Distraught and unable to move forward in life, a man enlists the help of his brother to take back an item from a woman who once held a special place in his heart. This is Sohale Dezfoli’s thriller Insentient.

Earlier this week, we reviewed director Dezfoli’s latest film Taste The Difference – a slapstick comedy based around the iconic 80’s advertising campaign The Pepsi Challenge. Taste The Difference brought to mind the madcap Zucker comedies like Airplane and The Naked Gun, but now we have something completely different.
Insentient is quite a few years older than Taste The Difference, having been made back in 2014, and it is also a much darker film. It’s what we would now call neo-noir, as it contains all of the classic film noir elements in a modern-day setting. There’s a dark mystery, a dangerous femme fatale, and a looming sense of dread that presides over each frame. Throughout its 19-minute run time, the short is stylishly shot visually with lots of dark blues, greys, and blacks. Sound-wise, with a rumbling soundtrack, it is also rhythmical thanks to its actors’ delivery of brooding staccato dialogue. It’s a mean movie about mean people doing mean things and mostly getting away with it, which makes it a good example of modern noir.

In his guise as the film’s screenwriter, Dezfoli’s script gives us a plot-obsessed picture that’s determined to stay one step ahead of the audience at all times.
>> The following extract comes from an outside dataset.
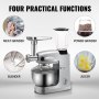 VEVOR 4-in-1 stand mixer combines powerful performance and sleek design to offer superior product whether cooking, baking, or blending. This mixer has a 5.3 qt stainless steel bowl, and meat grinder attachments. The 4-in-1 food blender and mixer allow you to perform multiple tasks at once. A Powerful 1000 W motor and variable speeds provide freshness and smoothness of the food. It is widely used in household and commercial kitchens.

However, it is too clever for its own good and that unfortunately is a detriment to the overall quality of the film, as the script does tend to cheat when it needs to. It is also a decent example of a sub-genre that is often labelled the preposterous thriller. This is when characters and their behaviour bear no relation to, not only real-life but also, any sort of properly structured fiction we may have previously encountered.
This isn’t a big issue though, as many classic and near-classic films can be slotted into this same sub-genre of film. Particularly where the bad guy’s scheme makes absolutely no sense if you thought about it for longer than thirty seconds, and that the same plan would probably unravel in seconds if even the smallest part of it had not gone precisely as envisioned. In order to disguise this issue though, Dezfoli makes sure that the plan fails anyway and treats us to a twist that, even though we see coming, is still an enjoyable part of the film.
Although for long periods, the cinematography by Habib Khan Awan and Felix Penzarella focuses on a two-shot of our leads talking in a café, we do see some brief gliding camerawork, a few tidy compositions, and sickly, de-saturated colours working well with Naveed Dezfoli’s score. This helps to create a tense and nervy short film that goes one way and then another.

Even though I can’t say that the film is genuinely clever, I can say that thanks to some stellar performances and great direction, Insentient does actually work, and truly is a fine neo-noir that’s definitely worth catching when you can.